Joga com sobranceira, certa de que a sorte lhe deve o resultado e, mais cedo ou mais tarde, a favorecerá.
Até pode passar dos oitavos-de-final. Até pode chegar às meias-finais. Até pode ser finalista. Até pode levantar o caneco! Tenham paciência, mas NÃO CHEGA! Aos guardiões da genialidade do jogo, pede-se sempre mais. A imortalidade conquista-se no coração dos adeptos – não é decretada pela FIFA, nem é garantida automaticamente quando se ganha um troféu.
Talvez seja por isso que, ainda hoje, recito de cor o onze de 1982 * e tenho sérias dificuldades em lembrar-me de mais do que dois jogadores de 1994 [Bebeto e Romário].
* Valdir Peres; Leandro, Oscar, Luisinho, Júnior; Toninho Cerezo, Falcão, Sócrates, Zico; Serginho e Éder
8 Comments:
Chutar canguru atropelado é moleza.
E se fosse uma seleção como a do Los Hermanos?
Um pouco mais de humildade é sempre bom. O jogo é jogado e não falado. Falar de fenômeno, seleção estrelada, quadrado mágico, que a meu ver é no máximo um triângulo, é fácil. Quero ver em campo!
Um abraço
Marco Aurélio
Joga com "sobranceria". Estás armado metereologista, como o JPP?
Valdir Peres, mas que grande frangueiro é que foste lembrar...
Hom'essa, ó Guitarrista, então porquê?
Alvar,
O Peres era mesmo um frangueiro.

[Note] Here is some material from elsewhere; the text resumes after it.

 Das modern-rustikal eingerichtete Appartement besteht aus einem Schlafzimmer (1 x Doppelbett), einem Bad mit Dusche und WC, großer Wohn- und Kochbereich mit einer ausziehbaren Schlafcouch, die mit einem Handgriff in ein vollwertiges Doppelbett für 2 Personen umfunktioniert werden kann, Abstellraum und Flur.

Mas, na lógica do post, não podia admitir que, no meu onze perfeito, havia um camafeu desajeitado.
quando quero relembrar porque sou um apaixonado por futebol...lembro-me sempre dessa selecção de 82..apesar do valdir e do serginho. não era arte..era futebol mesmo..daquele que jogava na rua com os meus amigos.
Muito se fala da selecção de 82... Realmente era um futebol bonito. Mas ainda mais bonito foi o futebol da Itália que a eliminou! Para quem não se lembra, a Itália não ganhou com penaltis, não ganhou por 1 a 0, não defendeu o jogo todo. O jogo acabou 3-2 com inteira justiça!

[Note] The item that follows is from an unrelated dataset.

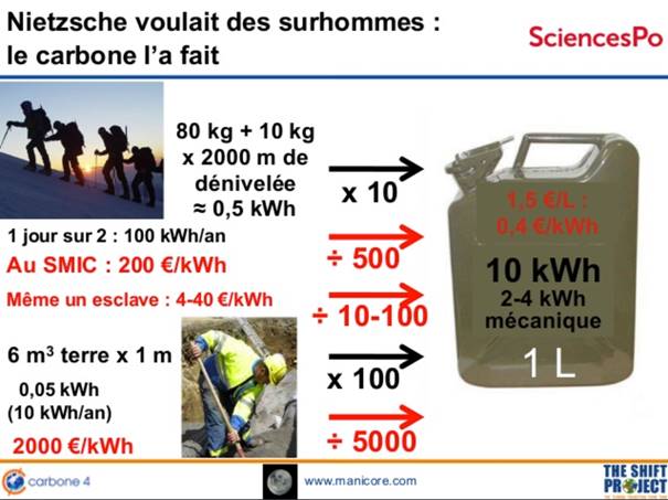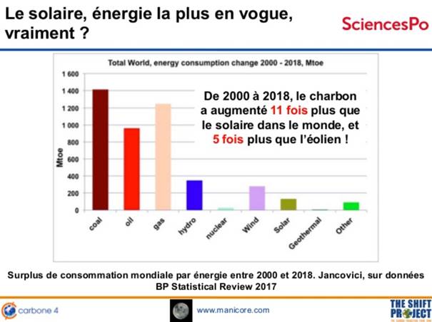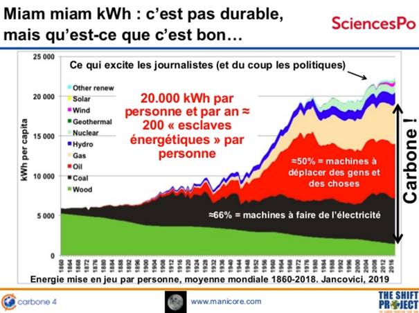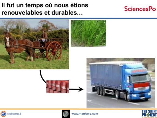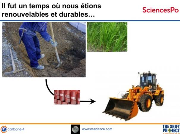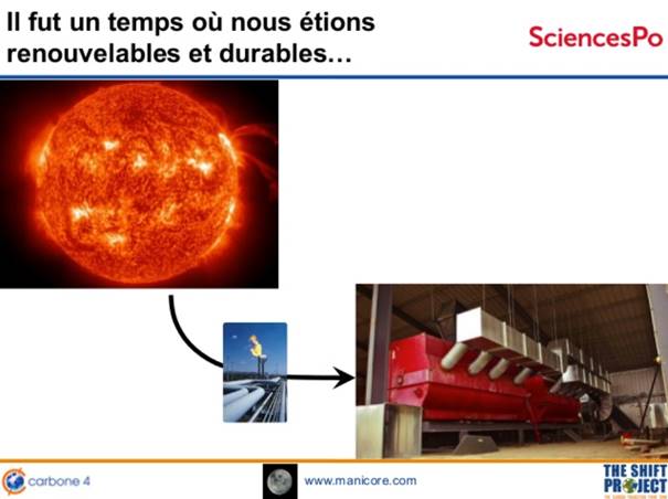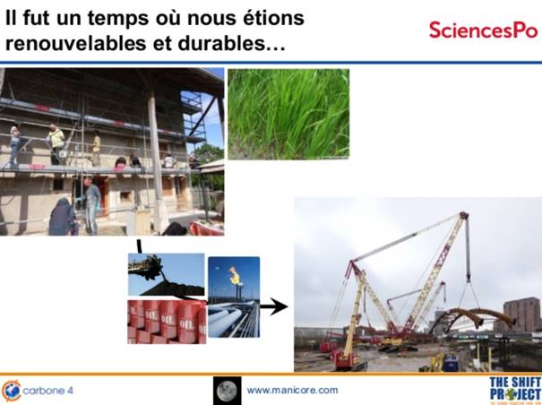 Donc, ça fait deux siècles, que nous passons notre temps à passer des énergies renouvelables aux énergies fossiles. Alors, de deux choses l'une, ou bien on est des crétins patentés, ce qui est possible après tout, il y a un certain nombre de philosophes qui le disent, ou bien c'est que il y a une raison physique profonde au fait qu'on est fait ça pendant deux siècles, et c'est ce que je vais vous essayer de vous expliquer à partir de maintenant, il y a une raison physique profonde à ce qu'on ait fait ça, et donc, ça ne va pas du tout être "a piece of cake" comme disent les anglais, de passer à 100% ENR en conservant le pouvoir d'achat qu'on a aujourd'hui et les études longues qui vous permettent d'étudier ici.

O Brasil deu tudo em campo e a Itália mostrou ainda mais! Com espectáculo e eficácia!
Depois desse jogo, o caminho até à vitória final foi um passeio!

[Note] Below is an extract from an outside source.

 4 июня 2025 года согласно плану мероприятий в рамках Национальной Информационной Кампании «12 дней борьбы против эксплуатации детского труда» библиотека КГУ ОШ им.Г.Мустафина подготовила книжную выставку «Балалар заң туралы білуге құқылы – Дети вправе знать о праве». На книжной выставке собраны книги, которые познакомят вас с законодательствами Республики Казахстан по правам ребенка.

Forza Italia! (sem conotações políticas!)
tens razão, dificil lembrar o 11 de 94. Aos teus dois acrescento mais dois, os unicos que me lembro:
Tafarel e o capitão Dunga.
O Mundial de 82 teve excelentes equipas: o Brasil e a França (Platini, Tigana, Giresse, ...) acima de todos as outras em futebol-espectáculo. A Itália fez grandes jogos depois da 1ª Fase e esses 3-2 com o Brasil são a nota que trouxe merecimento ao título alcançado. Mas a verdade é que na 1ª Fase nem mereciam ter sido qualificados - terminaram com o mesmo nº pontos dos Camarões e a mesma diferença de golos, mas os Camarões jogaram muito (muitíssimo) melhor...
Mundial fabuloso, esse!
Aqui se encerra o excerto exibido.